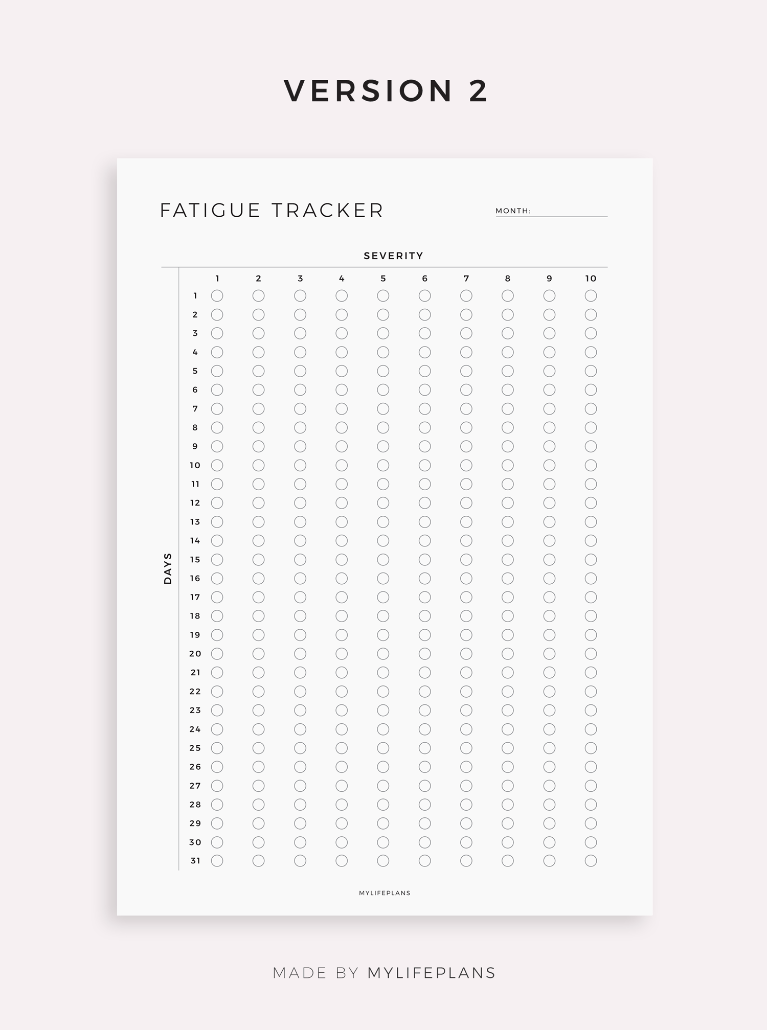 Monthly Fatigue Tracker Template for Remarkable, Supernote, Kindle Scribe, Boox, Kobo
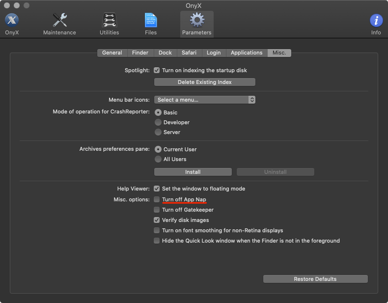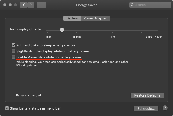 取り敢えず、これらがスリープ中も稼働することがあると仮定して、解決策を探っていきます。ただ、現時点で5回試行していますが、100%を切ったのは1度だけです。Intervalは、12時間、24時間、72時間の3パターンなので、長期間スリープしないとダメなのでしょうか?また、これが"darkwake=0"で制御できるのかどうか不明です。
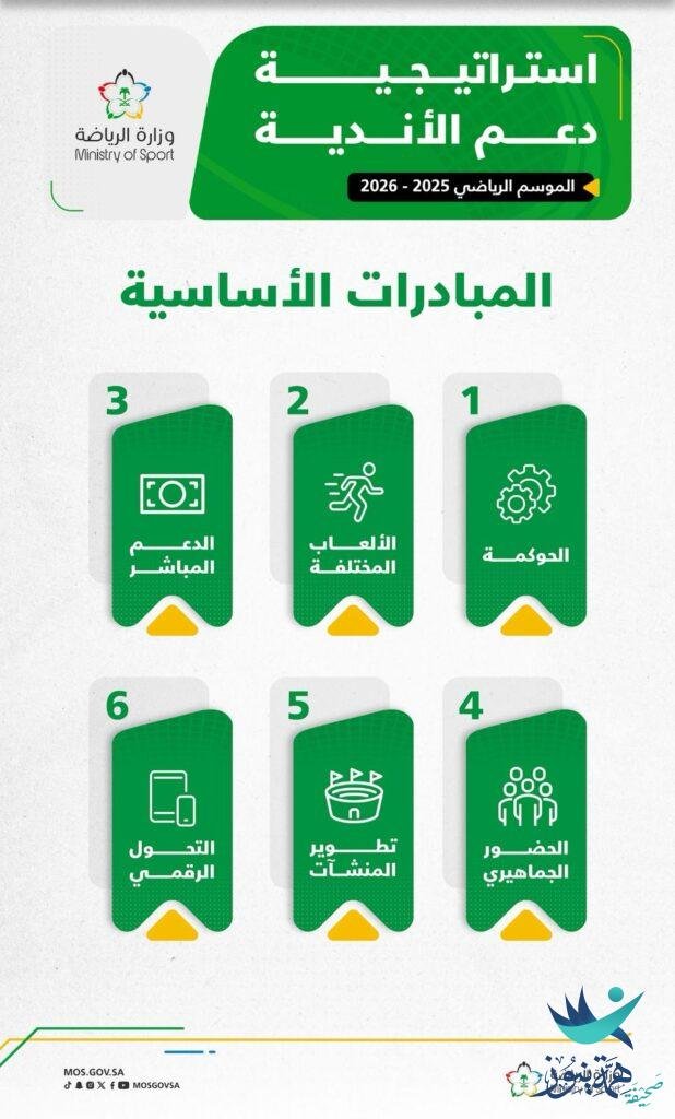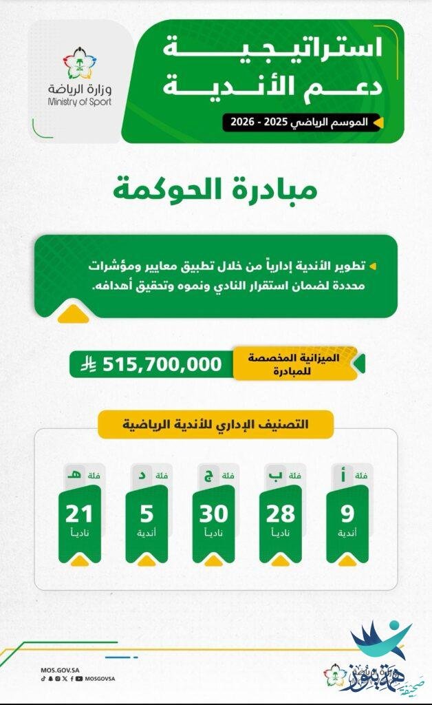 أعلنت وزارة الرياضة اليوم، عن استراتيجية دعم الأندية في عامها السابع وفق خطة متكاملة، ومن خلال نظام حوكمة فعّال للأندية في مختلف مناطق المملكة، بهدف تشغيل وتطوير الأندية لضمان استدامتها إداريًّا وماليًّا.
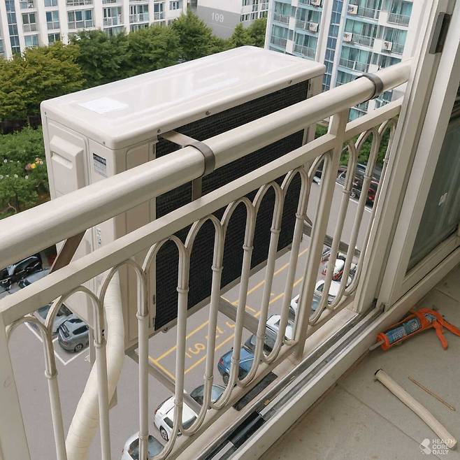 실외기 주변 1m 이내에는 물건을 두지 말고, 벽면과는 최소 10cm 이상 거리를 확보해야 한다. 그늘막을 씌울 때는 위쪽만 덮고 옆면은 개방한 통풍 구조여야 한다. 사방을 막는 덮개는 오히려 열기를 가두고 전기요금을 더 높인다.
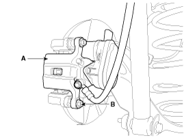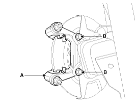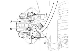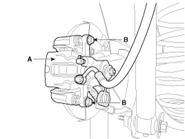 Ослабьте болты крепления суппорта (В), затем снимите задний суппорт.
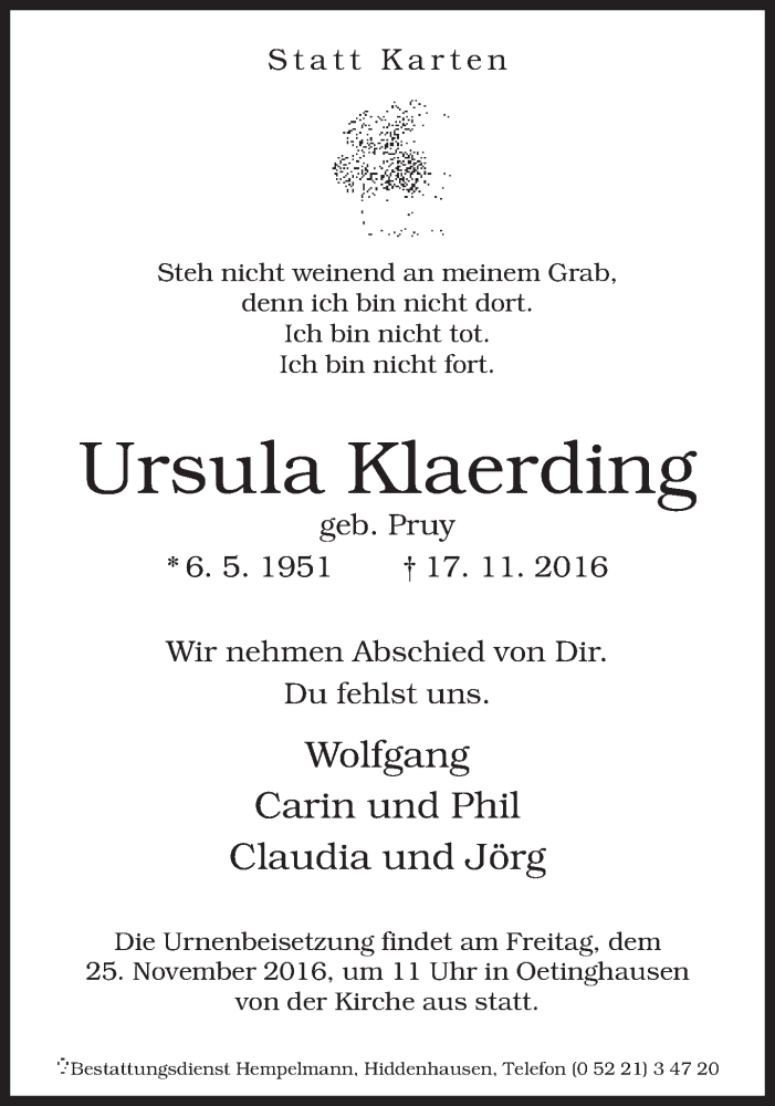 Hier finden Sie alle Traueranzeigen aus der Zeitung, die bisher für Ursula Klaerding erschienen sind. Weitere Traueranzeigen, die in der Zeitung erscheinen, werden hier ebenfalls aufgelistet
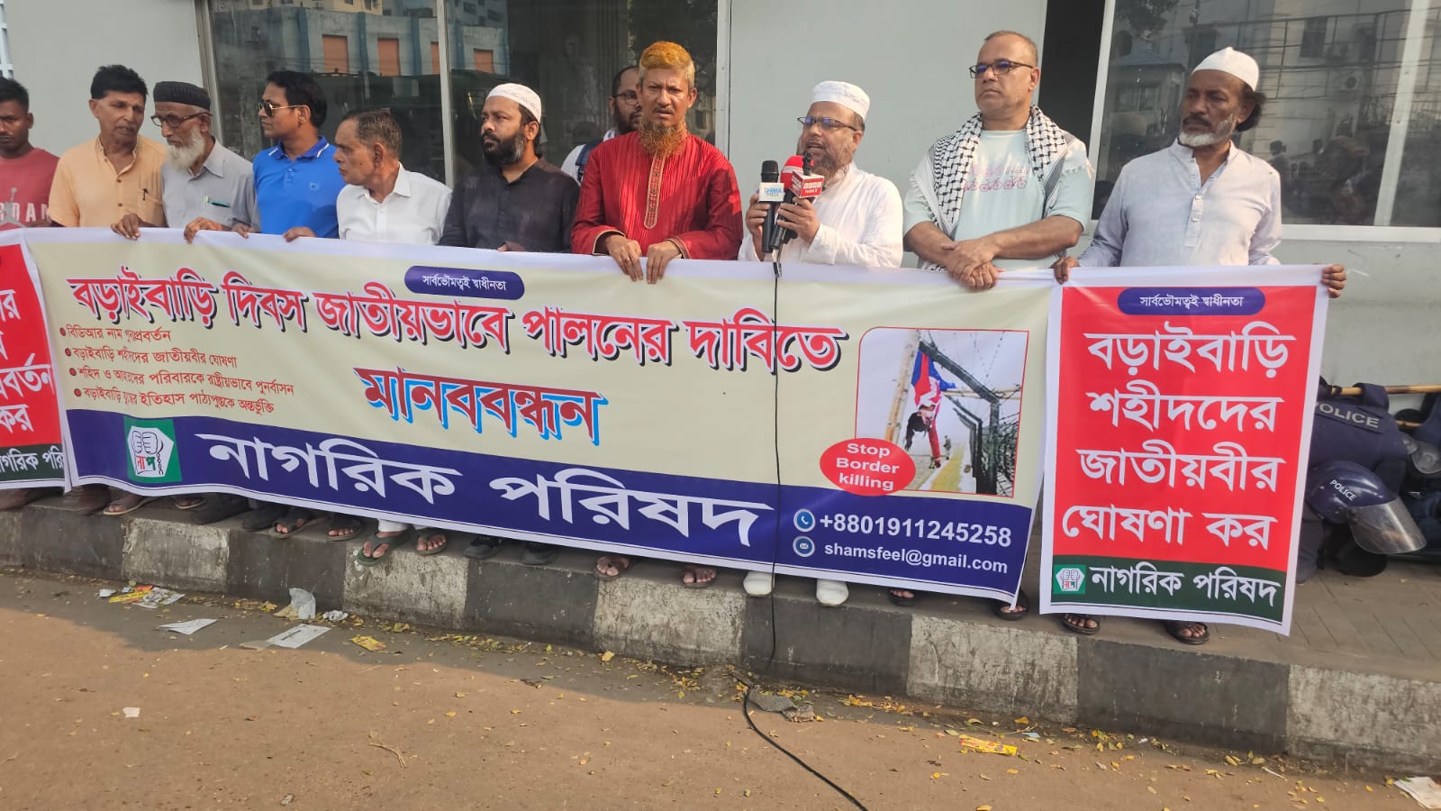 বড়াইবাড়ি দিবস জাতীয়ভাবে উদযাপনের দাবিতে অনুষ্ঠিত মানববন্ধন থেকে নাগরিক পরিষদের আহ্বায়ক মোহাম্মদ শামসুদ্দীন অনতিবিলম্বে বিডিআর নাম পুনঃপ্রবর্তনের দাবি জানিয়েছেন।
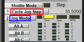 2. Jog Mode : Cont (연속 이동), Step (Cycle Jog Step에 입력한 만큼 값 이동)
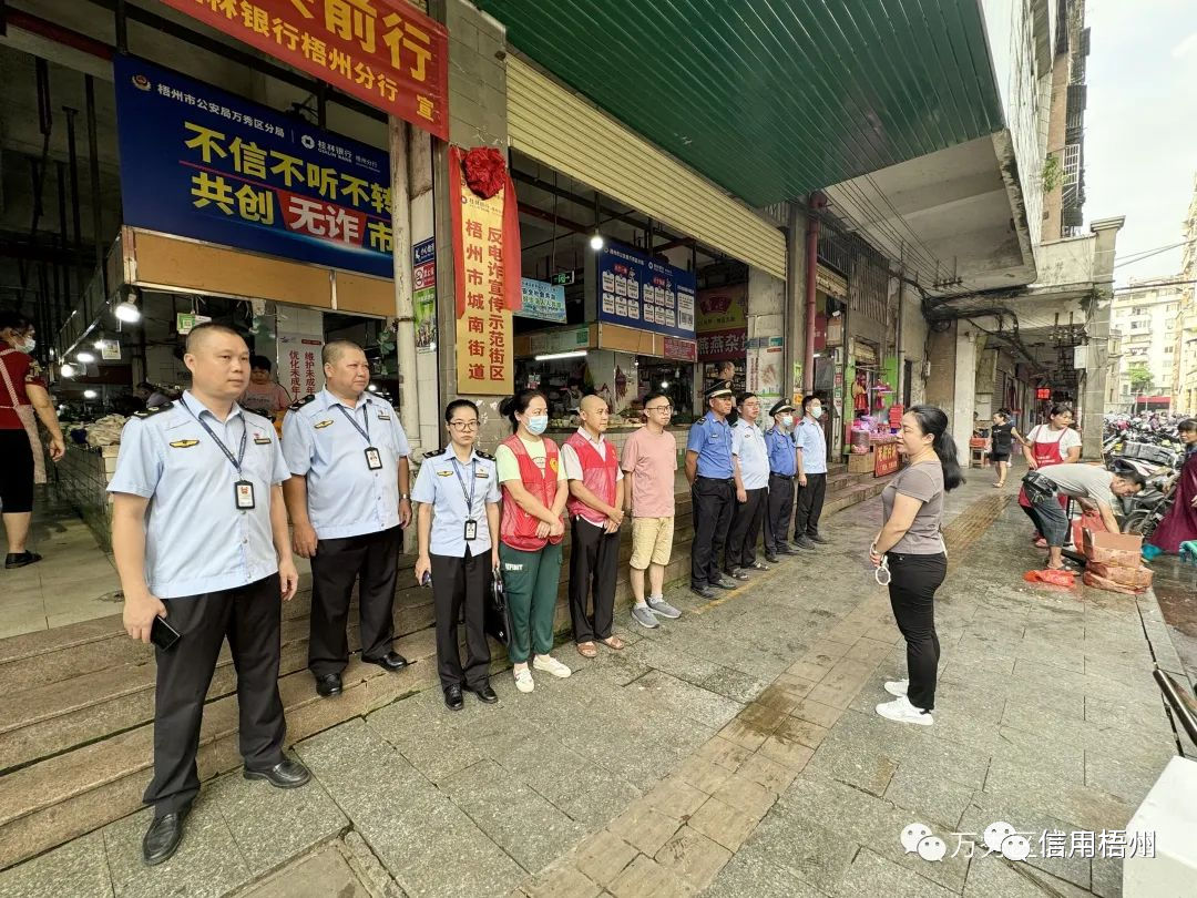 为改善农贸市场经营环境,提升市容市貌,营造风清气正、规范合理、诚实守信、竞争有序的市场,近期,城南街道联合区市场监管局、区城管局、万秀交警大队、万秀消防救援大队、区环卫处、社区志愿者开展大东市场及周边环境卫生综合整治行动。

ASSIGNMENT |
The lines to be extracted begin at the line containing "2. Jog Mode" and continue through the final line of the material above, both ends included. Reproduce them exactly, without the pictures.

SOLUTION TO THE EXERCISE |
 2. Jog Mode : Cont (연속 이동), Step (Cycle Jog Step에 입력한 만큼 값 이동)
 为改善农贸市场经营环境,提升市容市貌,营造风清气正、规范合理、诚实守信、竞争有序的市场,近期,城南街道联合区市场监管局、区城管局、万秀交警大队、万秀消防救援大队、区环卫处、社区志愿者开展大东市场及周边环境卫生综合整治行动。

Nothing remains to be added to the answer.